Time to get offensive: Bulldogs eager to buck trend of struggling at state tournament

Thursday, October 23, 2008
ELIZABETH DODD ~ edodd@semissourian.com Notre Dame's Brooke Glastetter connects for a base hit during the fifth inning of the Bulldogs' sectional game against North County.

The Notre Dame softball team has averaged 9.4 runs per game, but that trend is unlikely to continue at the state tournament this weekend.

Notre Dame coach Jeff Graviett knows his team will go against pitchers similar to Bulldogs ace Lauren Reinagel who have 20 or more wins and ERAs near 0.14.

"We're expecting [to face] a pitcher a lot like our own," Graviett said.

It has been difficult for the Bulldogs to score during recent state final four appearances, pushing across just four runs in their past three state semifinal games combined.

Notre Dame entered last year's semifinal game against Webb City with a .405 team batting average through districts and having scored at least 10 runs in 10 of 28 ballgames.

But the Bulldogs' offense was shut out 3-0 by Webb City.

Notre Dame enters this year's final four with similar offensive statistics — a .418 team average and having scored at least 10 runs in 15 of 27 games.

Will this year be any different for the Bulldogs offensively?

Can they produce enough offense to give their talented hurler enough run support?

Notre Dame (27-0) will find out the answer when it plays a Class 3 semifinal contest against Kirksville (24-4) on Friday at 1:30 p.m. at Heritage Park in St.

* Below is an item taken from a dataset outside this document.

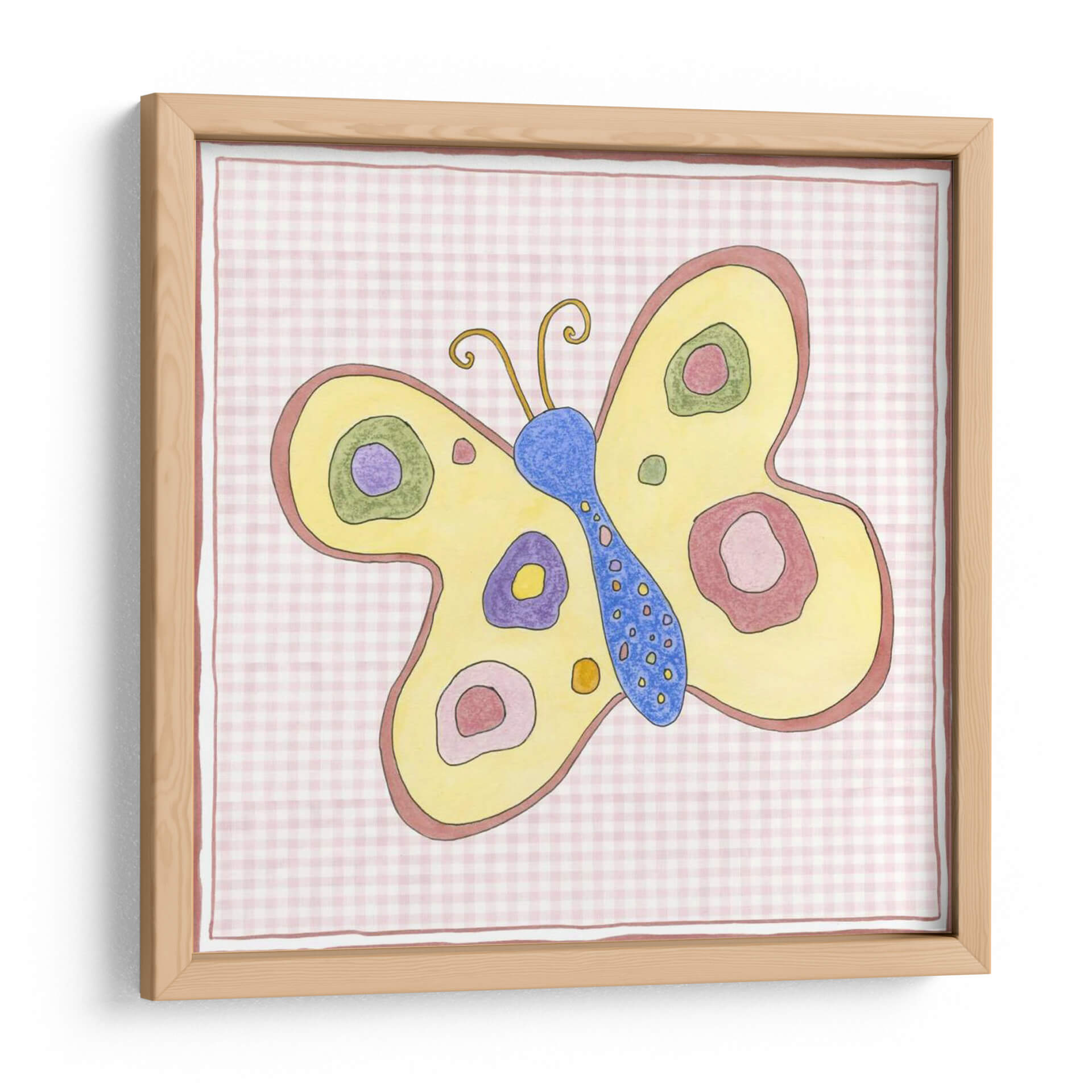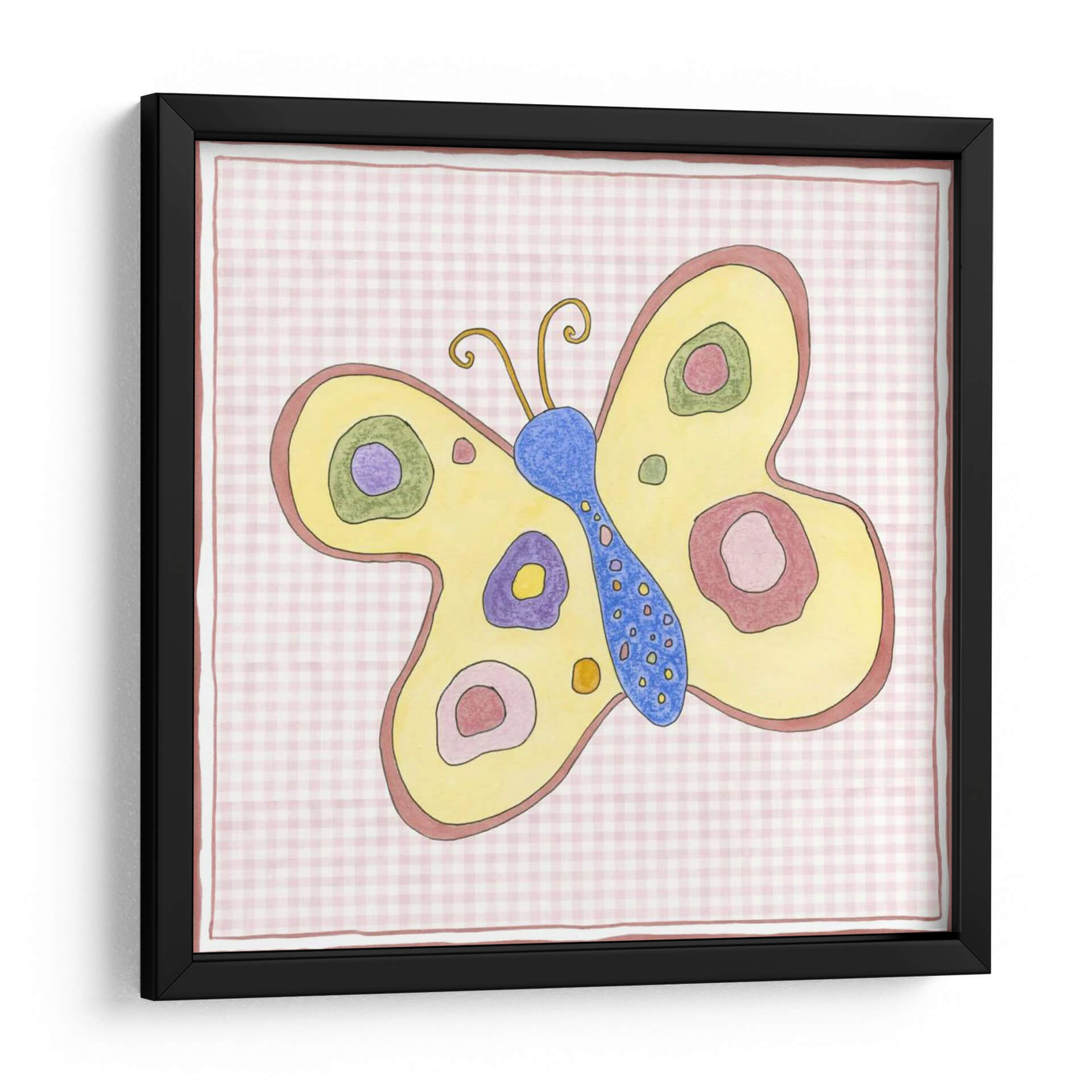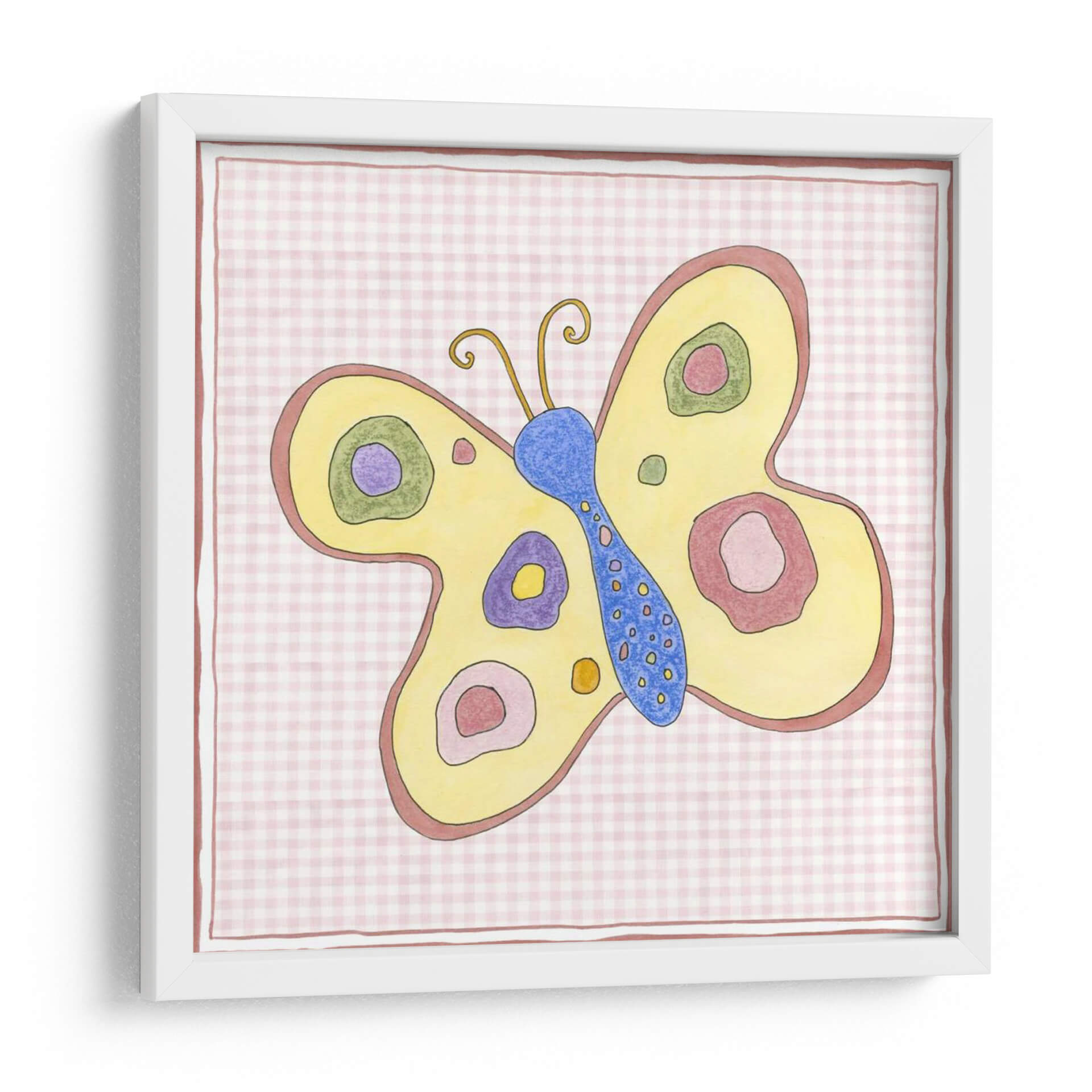 Aporta un toque de ensueño y color a tu hogar con "Silueta En Gingham Rosa Ii", una encantadora obra de arte que celebra la belleza etérea de las mariposas. Esta pieza, creada por la artista Nancy Slocum, presenta una mariposa estilizada en vibrantes tonos amarillos y azules, adornada con círculos concéntricos en morado, rosa y verde que añaden profundidad y un aire juguetón. El fondo, un delicado patrón de cuadros gingham en rosa pálido, evoca una sensación de nostalgia y calidez, creando un contraste suave pero cautivador con la figura central. El estilo artístico, con sus contornos definidos y una paleta de colores alegre, se inclina hacia lo lúdico y lo decorativo, ideal para espacios que buscan infundir vitalidad y una pizca de fantasía. Es perfecta para añadir un acento de color y un punto focal en habitaciones infantiles, dormitorios o cualquier rincón que necesite un soplo de alegría primaveral. "Silueta En Gingham Rosa Ii" es más que una simple decoración; es una invitación a soñar despierto y a encontrar la belleza en los detalles más simples de la naturaleza. Una pieza versátil que encaja en decoraciones modernas, rústicas o incluso eclécticas, aportando siempre una dosis de optimismo.

Joseph.

"As you get to this level, [pitchers] are better," Graviett said. "It changes everything."

Graviett and his Notre Dame players said they are more prepared to score runs because they have a different type of lineup, featuring more speed at the top and a strong mix of power and slap hitters. Graviett and his players also said they are more prepared because they faced better pitching during the summer and fall after scheduling games against teams with tougher pitchers. They also have had fathers of players throw batting practice to help.

Being able to produce offensively is a concern for all teams at the state tournament.

Entering last year's state final four, 15 of the 16 participating schools from Class 1 through Class 4, had a team batting average higher than .300. Six of the teams were hitting better than .350, and three teams had a team average better than .400.

But 58 runs were scored in the 16 games for an average of 3.6 runs scored per game.

In the past five state tournaments, 68 games have been played. In only one game has a team scored 10 runs, and it ended early because of the 10-run mercy rule. Meanwhile, 15 games have gone into extra innings at the state tournament since 2003.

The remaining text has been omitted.